Ask HN: Good posts/resources on how user data is sold? - mavsman
My friend just sent me a link to usphonebook.com which apparently has some accurate info on people&#x27;s addresses and phone numbers (including cell). She asked me how this is possible. I remember reading several good articles on HN about how data is acquired and bought, etc but I couldn&#x27;t find any links to them after searching. Anyone have good resources explaining this?
======
closeparen
Telecoms traditionally published the name associated with every landline in
the metro area. Local governments publish the names and addresses of property
owners, registered voters, and participants in court proceedings.

In old movies, and some newer ones ( _Spotlight_ ), you'll see the heroes
traveling to drab government offices in the middle of nowhere and standing in
line for photocopies.
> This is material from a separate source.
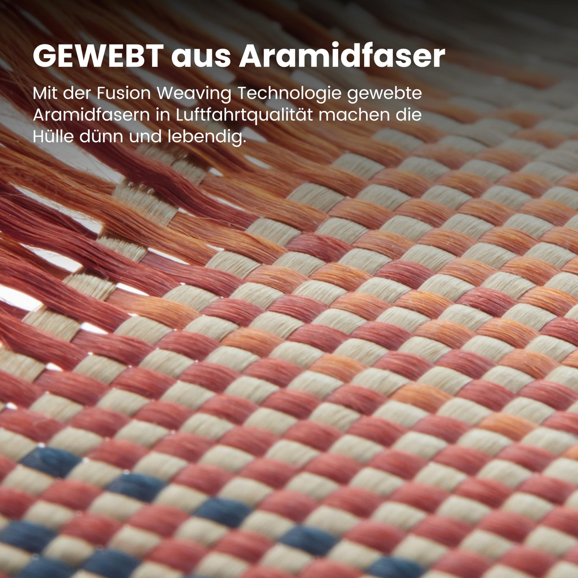 Die Hülle besteht aus 100% Aramidfasern in Luftfahrtqualität. Dieses Hightech-Material ist laut Hersteller fünfmal stärker als Stahl, aber gleichzeitig federleicht, und schützt Ihr iPhone 16 Pro zuverlässig vor Kratzern und alltäglichen Stössen, ohne es zu beschweren.

Data brokers [0] in their simplest form are just running
this ground game "at scale" and caching the result in a convenient place.

Basic demographic information like you're describing does not require any of
the sophisticated conspiracies of modern ad-tech, which is more focused on
associating these 20th-century profiles with information about preferences,
personality, and even current emotional state in order to bid exactly the
right amount to show exactly the right ad at the right time.
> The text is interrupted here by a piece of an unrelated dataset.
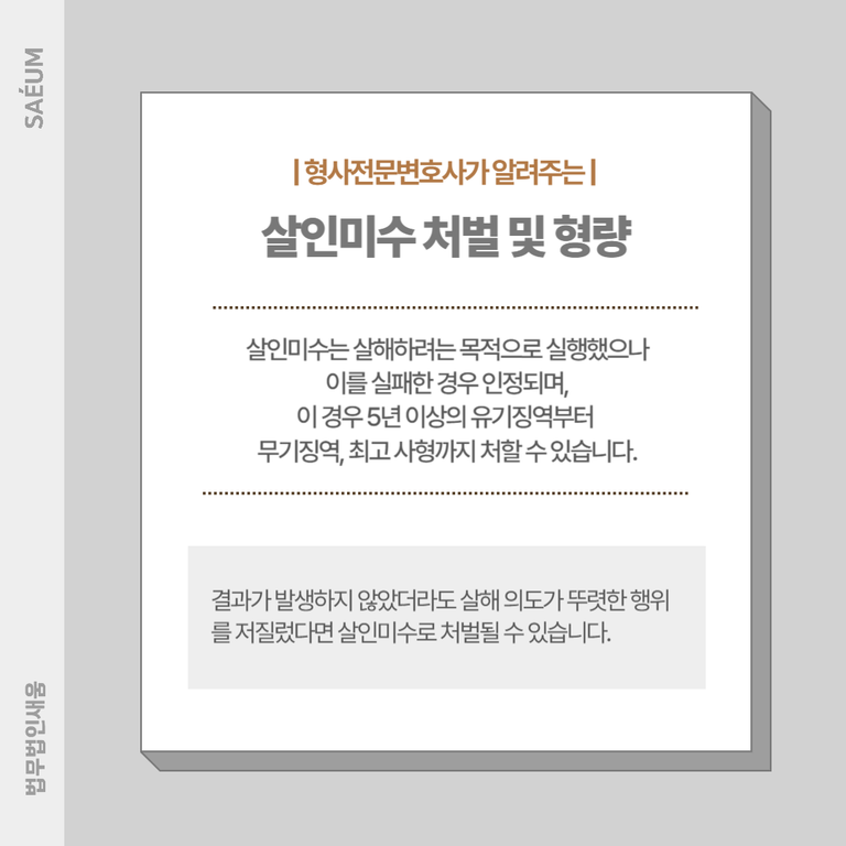 참고로 살인미수죄는 형법 제254조에 의해 성립하며, 사람을 살해하려는 목적을 가지고 실행에 착수했으나 실패한 경우 인정됩니다. 결과가 발생하지 않았더라도 살해 의도가 뚜렷한 행위를 저질렀다면, 사형, 무기징역 또는 5년 이상의 유기징역에 처해집니다.

[https://en.wikipedia.org/wiki/Information_broker](https://en.wikipedia.org/wiki/Information_broker)

------
mavsman
Here's one I was thinking of actually [https://www.dataviper.io/blog/2019/pdl-
data-exposure-billion...](https://www.dataviper.io/blog/2019/pdl-data-
exposure-billion-people/)

------
e15ctr0n
See Natasha Singer's reporting in the NYTimes on data brokers.
[https://news.ycombinator.com/item?id=13805613](https://news.ycombinator.com/item?id=13805613)